The example is generated with GTIDs enabled, and all of the binary logs except binlog.000142 have been created after the last restart.

This shows that there has been 15341 transactions (74470a0c-8ea4-11ea-966e-080027effed8:30718-46058) of which 15321 have been compressed with an average of 59% compression (compressing 252,705,572 bytes to 102,796,461 bytes). There are also statistics for the first and most recent transaction that was compressed. Similarly there have been 20 “transactions” that could not be compressed.

One thing is to know the compression rate, you also need to know the price you pay in terms of the overhead of performing the compression and decompression. That can be monitored using two stage events in the Performance Schema:

  • stage/sql/Compressing transaction changes.
  • stage/sql/Decompressing transaction changes.
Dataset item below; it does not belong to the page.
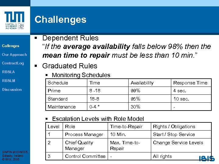 Challenges Callenges Our Approach Contract. Log RBSLA § Dependent Rules “If the average availability falls below 98% then the mean time to repair must be less than 10 min. ” § Graduated Rules § Monitoring Schedules RBSLM Schedule Time Availability Response Time Discussion Prime 8 -18 99% 4 sec. Standard 18 -8 95% 10 sec. Maintenance 0 -4 * 30% - § Escalation Levels with Role Model Level Time-to-Repair Rights / Obligations 1 Process Manager 10 Min. Start / Stop Service 2 SWPW at ISWC 05, Galway, Ireland © IBIS, 2005 Role Chief Quality Manager Max. Time-to. Repair Change Service Levels 3 Control Committee - All rights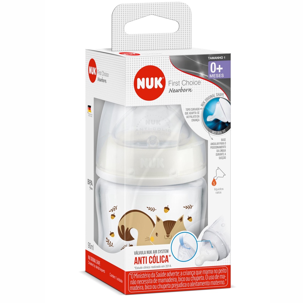 Mamadeira Recém Nascidos First Choice Esquilo 90ml - Nuk

(Yes, the period is part of the name.)

Neither are enabled by default and for the instruments to be collection, you will also need to enable the events_stages_current consumer. For example to enable these in the configuration file:

[mysqld]
performance-schema-instrument = "stage/sql/%Compressing transaction changes.=ON"
performance-schema-consumer-events-stages-current = ON

Warning

There is some overhead by enabling instrumentation of stages. Make sure you test the impact first, if you consider enabling these on a production system.

You can compare that with the wait/io/file/sql/binlog event (enabled by default) which is the time spent doing I/O. For example:

mysql> SELECT EVENT_NAME, COUNT_STAR,
              FORMAT_PICO_TIME(SUM_TIMER_WAIT) AS total_latency,
              FORMAT_PICO_TIME(MIN_TIMER_WAIT) AS min_latency,
              FORMAT_PICO_TIME(AVG_TIMER_WAIT) AS avg_latency,
              FORMAT_PICO_TIME(MAX_TIMER_WAIT) AS max_latency
         FROM performance_schema.events_stages_summary_global_by_event_name
        WHERE EVENT_NAME LIKE 'stage/sql/%transaction changes.'\G
*************************** 1. row ***************************
   EVENT_NAME: stage/sql/Compressing transaction changes.
   COUNT_STAR: 15321
total_latency: 6.10 s
  min_latency: 22.00 ns
  avg_latency: 397.96 us
  max_latency: 982.12 ms
*************************** 2. row ***************************
   EVENT_NAME: stage/sql/Decompressing transaction changes.
   COUNT_STAR: 0
total_latency:   0 ps
  min_latency:   0 ps
  avg_latency:   0 ps
  max_latency:   0 ps
2 rows in set (0.0008 sec)

mysql> SELECT *
         FROM sys.io_global_by_wait_by_latency
        WHERE event_name = 'sql/binlog'\G
*************************** 1. row ***************************
   event_name: sql/binlog
        total: 27537
total_latency: 4.83 min
  avg_latency: 10.51 ms
  max_latency: 723.92 ms
 read_latency: 138.25 us
write_latency: 290.69 ms
 misc_latency: 4.82 min
   count_read: 37
   total_read: 1002 bytes
     avg_read:   27 bytes
  count_write: 16489
total_written: 99.26 MiB
  avg_written: 6.16 KiB
1 row in set (0.0015 sec)

In this case, I have used the sys.io_global_by_wait_by_latency view as a short cut as it automatically makes the latencies human readable. For the latencies of the compression/decompression stages, the FORMAT_PICO_TIME() function convert them.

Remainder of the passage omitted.